An encoder-decoder based grapheme-to-phoneme converter for Bangla speech synthesis

Arif Ahmad, Mohammad Reza Selim, Muhammed Zafar Iqbal, Mohammad Shahidur Rahman, An encoder-decoder based grapheme-to-phoneme converter for Bangla speech synthesis, Acoustical Science and Technology, 2019, Volume 40, Issue 6, Pages 374-381, Released November 01, 2019, Online ISSN 1347-5177, Print ISSN 1346-3969.
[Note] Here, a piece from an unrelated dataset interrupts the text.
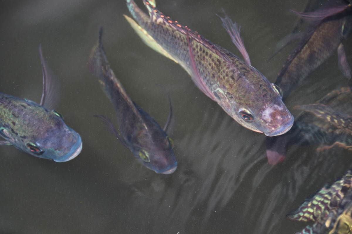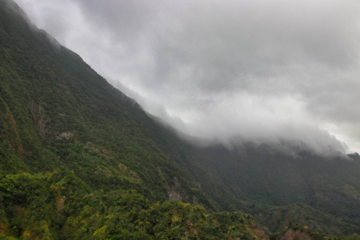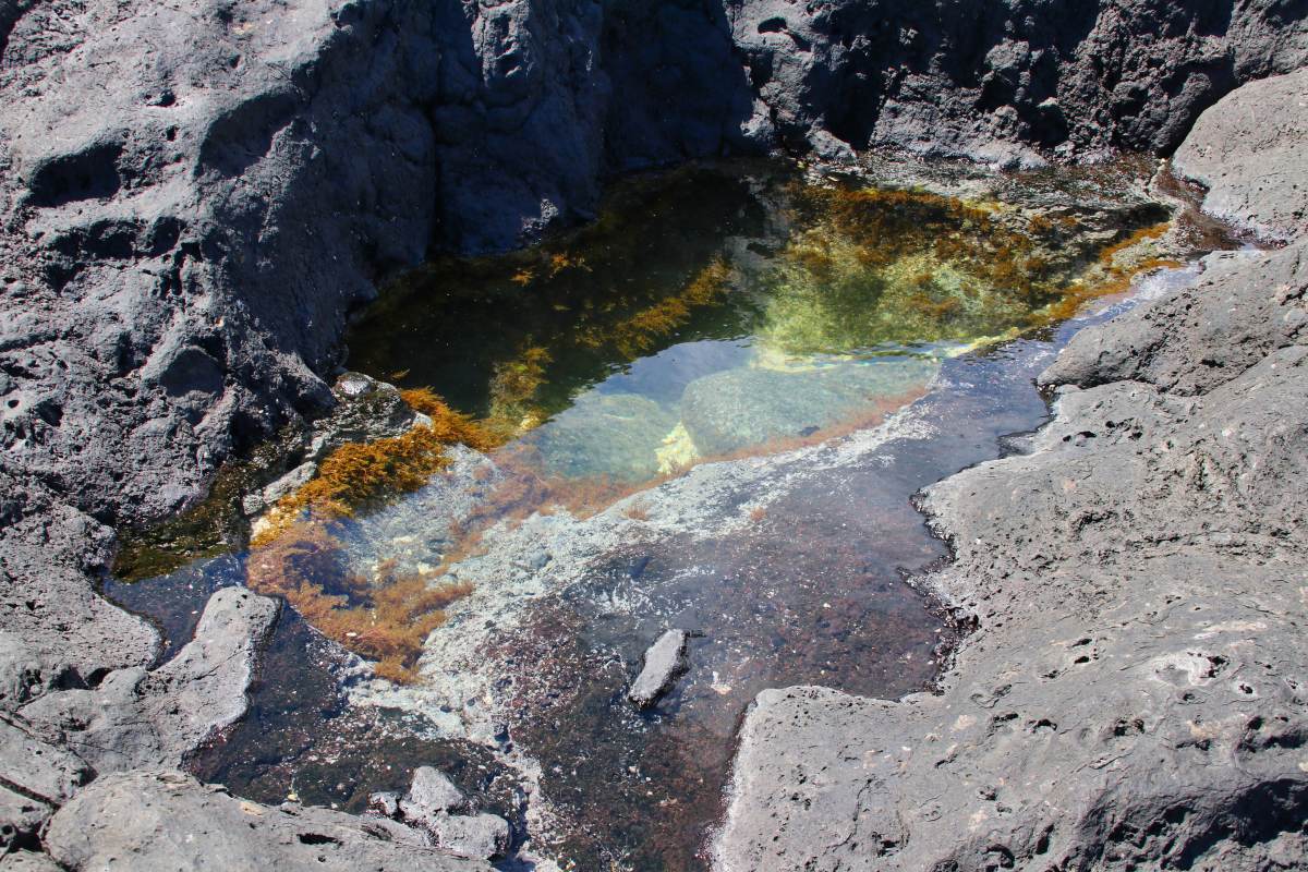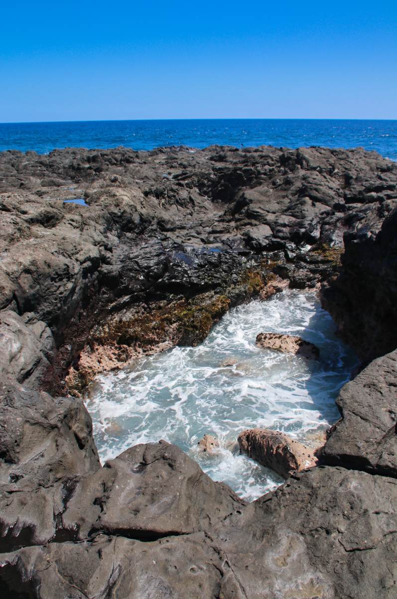 Auf dem Weg nach Cilaos machen wir noch einmal Halt am Meer. Neben den Salinen knallen die Wellen gegen die Felsen, und das Meerwasser spritzt durch verschiedene Löcher. Wir beobachten Fische, die direkt am Ufer nach Nahrung suchen.
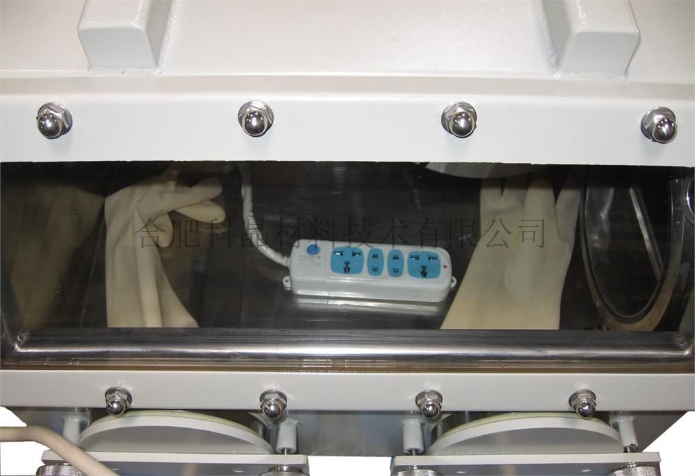 手套箱內(nèi)部有一1500W的插線板,手套箱外壁上有一三芯插頭于內(nèi)部插線板相連接,儀器配有一根三芯電源線,只要接上手套箱,通上外部電源,便可為手套箱內(nèi)部?jī)x器供電

This paper proposes an encoder-decoder based sequence-to-sequence model for Grapheme-to-Phoneme (G2P) conversion in Bangla (Exonym: Bengali). G2P models are key components in speech recognition and speech synthesis systems as they describe how words are pronounced. Traditional, rule-based models do not perform well in unseen contexts. We propose to adopt a neural machine translation (NMT) model to solve the G2P problem. We used gated recurrent units (GRU) recurrent neural network (RNN) to build our model. In contrast to joint-sequence based G2P models, our encoder-decoder based model has the flexibility of not requiring explicit grapheme-to-phoneme alignment which are not straight forward to perform. We trained our model on a pronunciation dictionary of (approximately) 135,000 entries and obtained a word error rate (WER) of 12.49% which is a significant improvement from the existing rule-based and machine-learning based Bangla G2P models.